I am a bit confused how it is legal for them to have the training data here?
Like is there anything a corpo can’t do?
Like why can’t subway Jared and Catholic church “train the AI”
Only half way joking, what’s the catch here?
There are laws around it. Law enforcement doesn’t just delete any digital CSAM they seize.
Known CSAM is archived and analyzed rather than destroyed, and used to recognize additional instances of the same files in the wild. Wherever file scanning is possible.
Institutions and corporation can request licenses to access the database, or just the metadata that allows software to tell if a given file might be a copy of known CSAM.

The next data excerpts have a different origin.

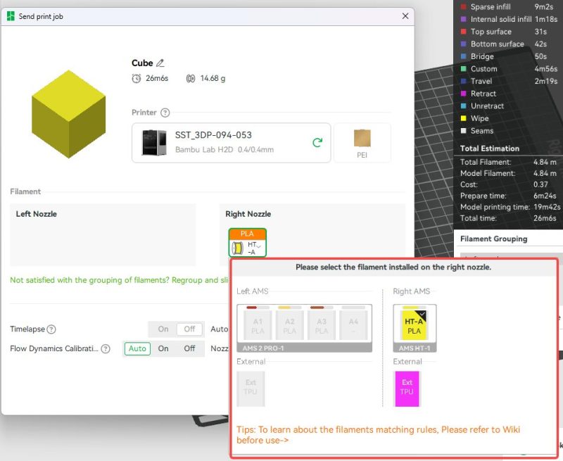 4. ปรับปรุงผังการกำหนดเส้นที่ใช้เมื่อกดปุ่มส่งงานไปพิมพ์ ลดความสับสนในการเลือกสี Studio จะแสดงข้อมูลของ AMS ทั้งหมด ทำให้การแสดงผลชัดเจนขึ้น รายละเอียดเพิ่มเติมอ่านต่อได้ที่ Bambu Wiki.
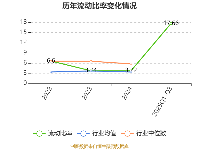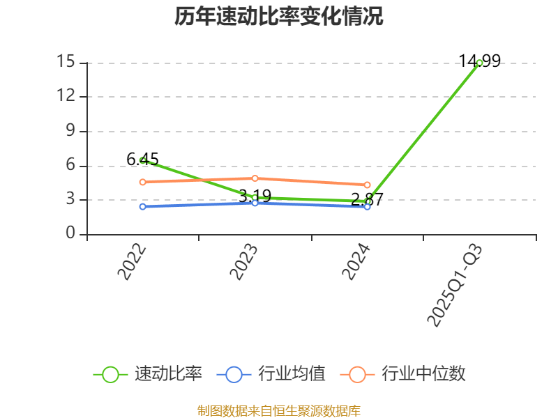 2024年,公司流动比率为3.72,速动比率为2.87。2025年前三季度,公司流动比率为17.66,速动比率为14.99。
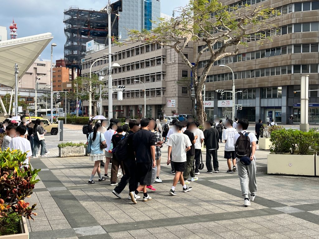◾️修学旅行3日目の最後の訪問地は、日本各地から観光に訪れる人、また、世界各国から訪れる人々で賑わう『国際通り』です。沖縄県庁前からの通りとなります。
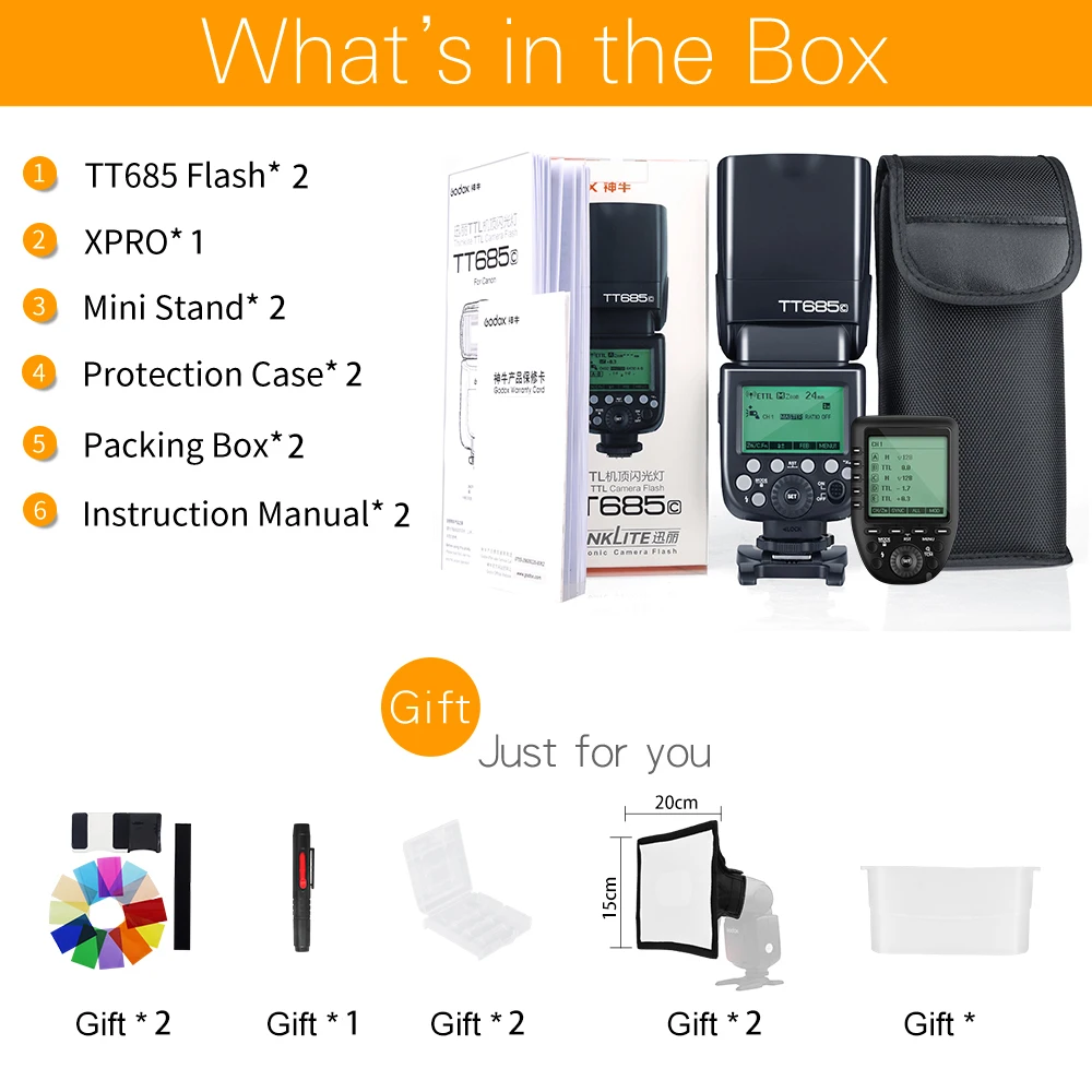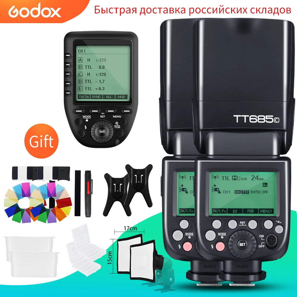 Вспышка Godox TT685C TT685N TT685S TT685F TT685O TTL HSS с передатчиком Xpro для Canon Nikon Sony Fuji Olympus, 2 шт.
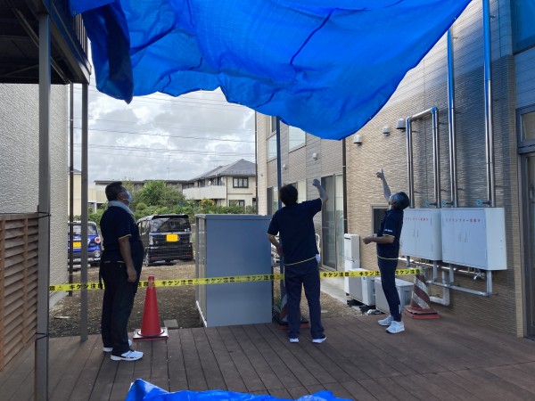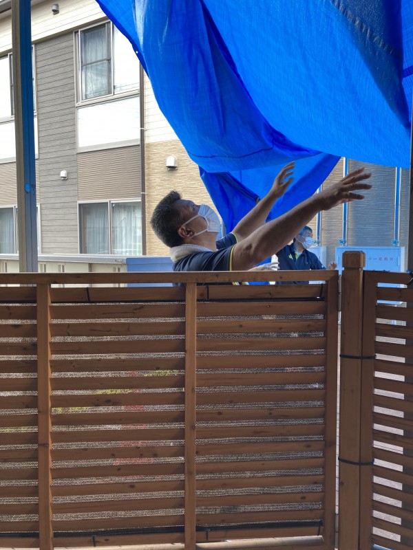 日除け用シート張り‼当日は風が強くなってきて男性スタッフ総出による作業‼
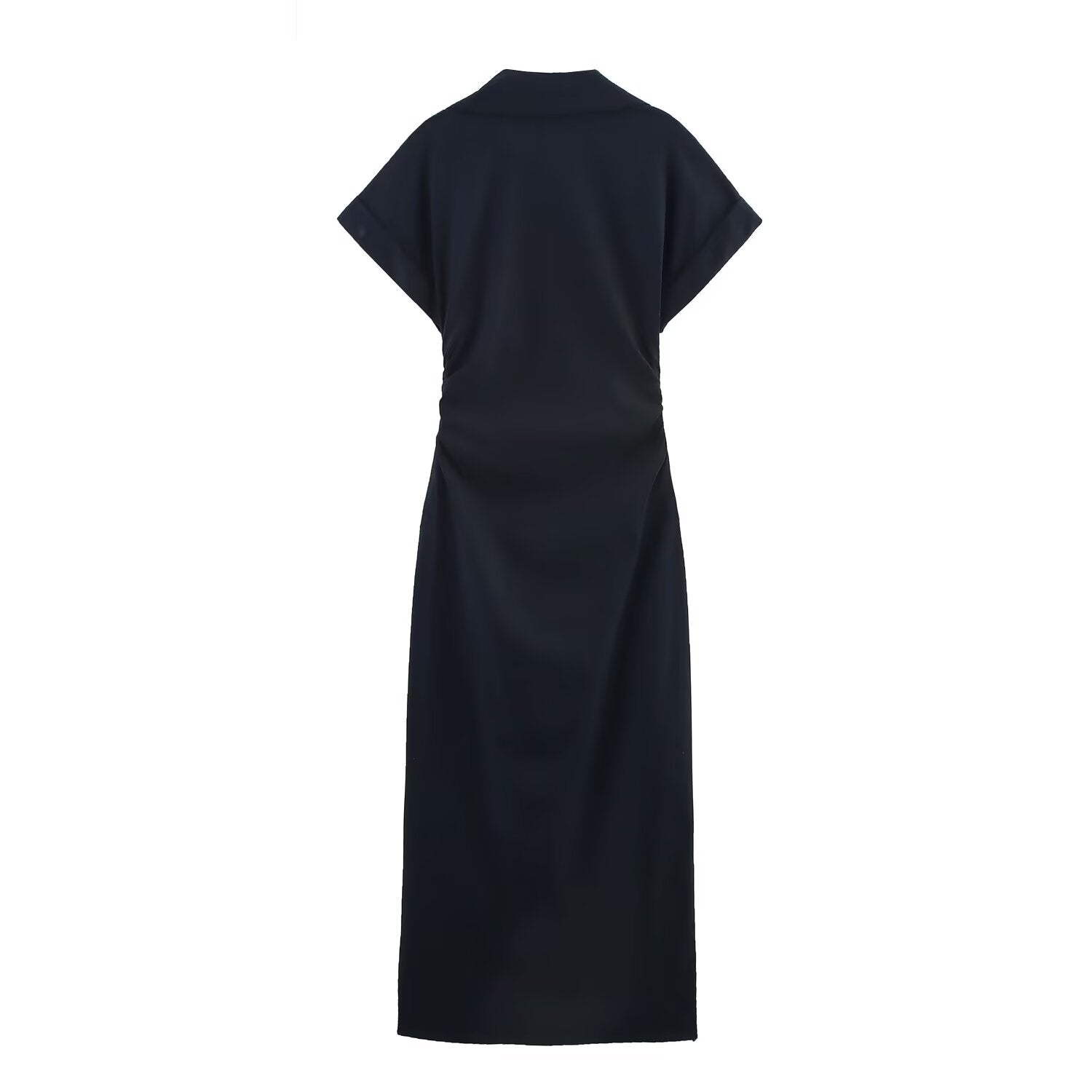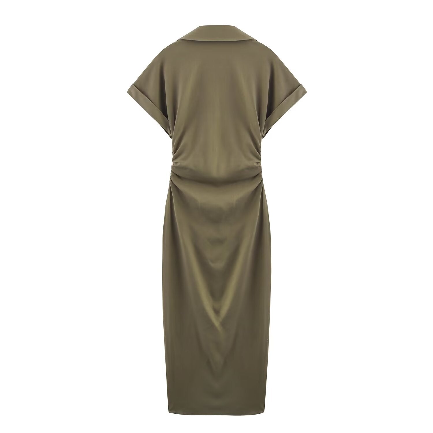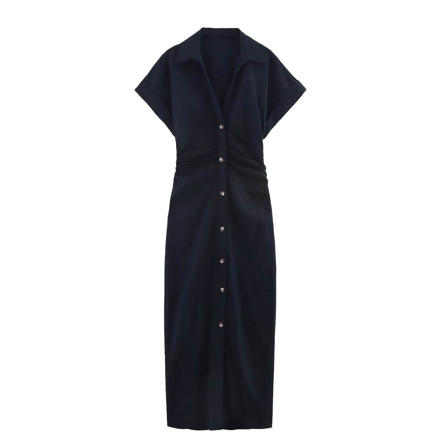 Women's new chic fashion pleated decoration slim single breasted linen blended MIDI dress retro short sleeved women's dress
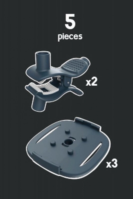 Aanvullende FleXtreme set houders voor de Smoby FleXtreme racebaanwereld, waarin kinderen de gekste banen kunnen bouwen met flexibele rails met flinke stijgingen, dalingen en wilde bochten. De set bevat 2 Multi-Grip bevestigingsklemmen en 3 railsteunen. De railsteunen kunnen op een van de drie punten op de bevestigingsklemmen worden bevestigd; hun gebruik biedt nog meer controle in bochten en voorkomt dat de baan losraakt op plaatsen met scherpe bochten. Het bevestigingssysteem van de Multi-Grip klemmen is zelfs voor kleine kinderen eenvoudig te begrijpen en maakt het mogelijk de baan aan verschillende obstakels te bevestigen: aan een tafel, aan gordijnen, aan een plank, stoel, kast, gordijnroede – kortom overal waar je de baan wilt laten lopen. De klemmen kunnen op verschillende manieren worden bevestigd en er kunnen tot drie railsteunen op worden gemonteerd.
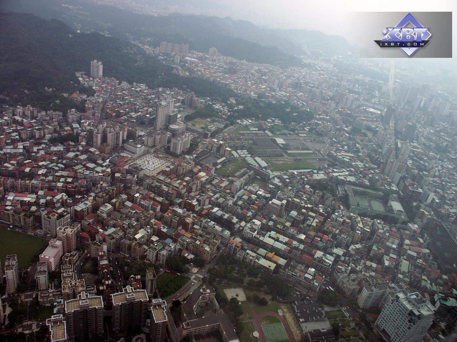 | Итак, наш краткий фотоотчет о поездке на выставку закончен. Но это не финал повествования. Закончена, так сказать, официальная часть. К сожалению, не все успели подробно и детально изучить, уже третьего июня — вылет в Москву. Однако в конце посещения выставки я все же успел побывать на 89-м этаже Taipei 101 и вот какие виды на город оттуда можно лицезреть (к сожалению, все дни над Тайпеем висела дымка). |  |
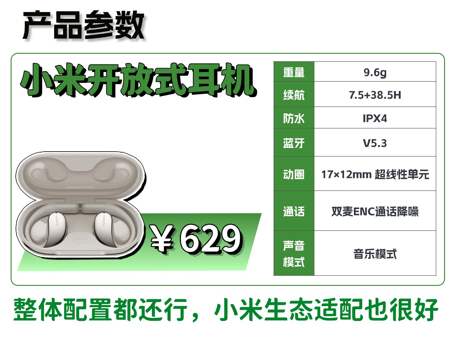 小米开放式耳机则是小米生态用户的专属选择,629 元的价格,音质、防漏音、便携性都表现普通,唯一的优势是与小米手机、平板等设备的无缝适配,开盖即连、跨设备切换无延迟,能提升生态内的使用体验。但如果是非小米生态用户,这款耳机毫无竞争力,同等预算能买到综合表现更优的产品。

This is the first time an attempt is being made at using the database to create software able to recognize CSAM that isn’t already known.
I’m personally quite sceptical of the merit. It may well be useful for scanning the public internet, but I’m guessing the plan is to push for it to be somehow implemented for private communication, no matter how badly that compromises the integrity of encryption.
I don’t think you even need the actual stuff to train a neural network to recognize it. For example, if I wanted to train a neural network to recognize pictures of lions, but I didn’t have any actual pictures of lions, I could use pictures of lion-shaped things, lion-colored things and locations where lions might appear. If a picture is hitting all three of those, it’s very likely to be a lion. Very likely is all a neural network can do, so it’s good enough for my purposes.